Cardio Round-up: Deep Learning Predicts Stent Problems?; Noise Pollution and the Heart; and More

Deep learning may be able to predict incomplete stent expansion, new research in JACC: Cardiovascular Interventions suggests. The research team, looking to develop pre-procedural IVUS-based models to predict stent underexpansion, examined a total of 618 coronary lesions in 618 patients undergoing PCI were randomly assigned to training and test sets. Stent areas predicted by the pre-procedural ICUS-based regression model significantly correlated with stent areas measured with IVUS post-stenting (r=0.802). There were significant correlations between predicted and measured minimal stent area (r=0.832) as well as predicted and measured total stent volume (r=0.958). “Deep-learning algorithms accurately predicted incomplete stent expansion,” the researchers wrote. “A data-driven approach may assist clinicians in making treatment decisions to avoid stent underexpansion as a preventable cause of stent failure.”

Noise pollution from transportation may be associated with aggravating some risk factors, leading to increased cardiovascular risk, results from a new review in Nature Reviews Cardiology reports. The research team, focused on the indirect, non-auditory effects of transportation news on overall cardiovascular health, reviewed epidemiological research on the effects of transportation noise on cardiovascular risk factors such as blood pressure, stress hormone levels, endothelia dysfunction, oxidative stress, NADPH oxidase 2 (NOX2) activity, nitric oxide synthase uncoupling, and vascular inflammation in mouse models. “Noise-induced stress increases cerebral oxidative stress and downregulates and uncouples neuronal nitric oxide synthase, providing a potential explanation for the observed retardation in the development of cognitive function (memory and learning) in children exposed to aircraft noise,” they wrote. “As the percentage of the population exposed to detrimental levels of transportation noise will rise again when the COVID pandemic is over, noise mitigation efforts and legislation to reduce noise are highly important for future public health.”
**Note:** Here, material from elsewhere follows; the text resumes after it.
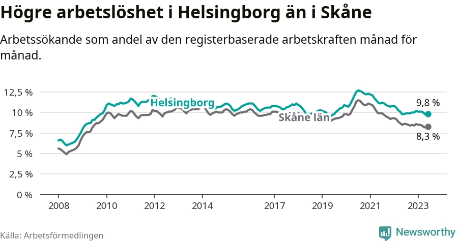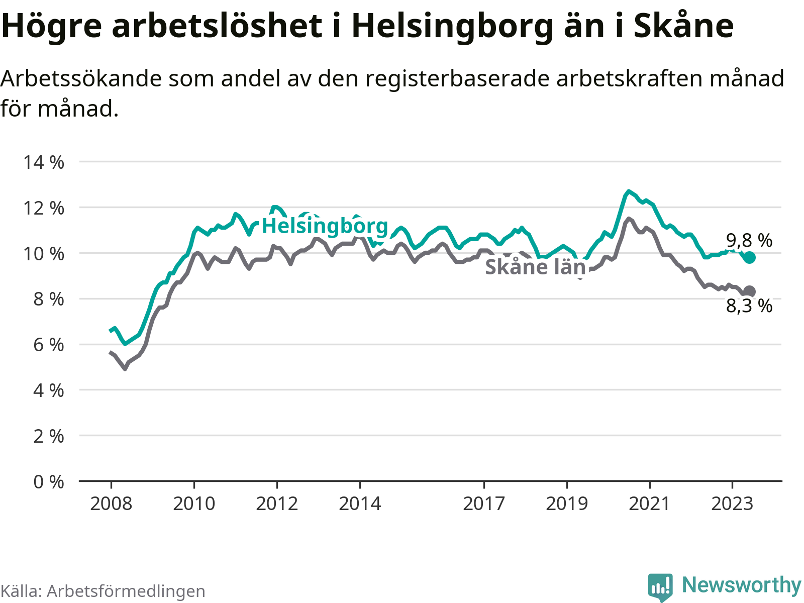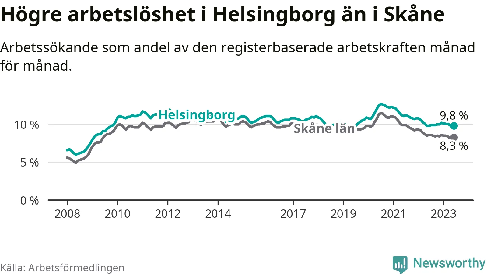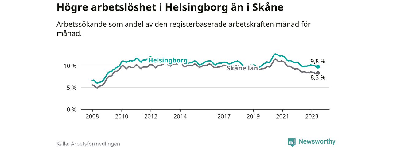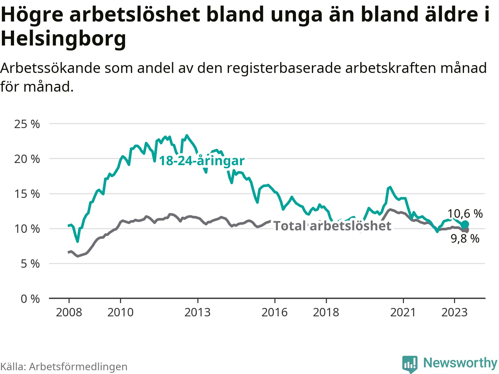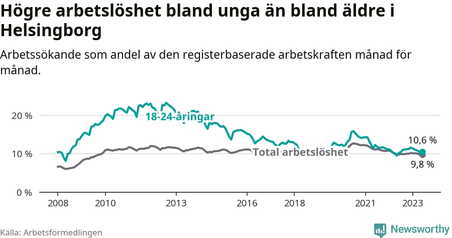 I och med den senaste månadens uppgång har de ungas arbetslöshet i Helsingborg stigit sju månader i följd (upp från 11,2 procent i november 2022 till 10,6 procent nu).

ICYMI: Health Canada is conducting a safety review into tofacitinib following reports that the drug may be associated with serious heart-related issues and cancer. According to Health Canada, the review follows the results of a long-term clinical trial conducted by Pfizer that assessed tofacitinib at two doses—5 mg and 10 mg, both twice a day—in patients aged ≥50 years with rheumatoid arthritis who have at least one cardiovascular risk factor.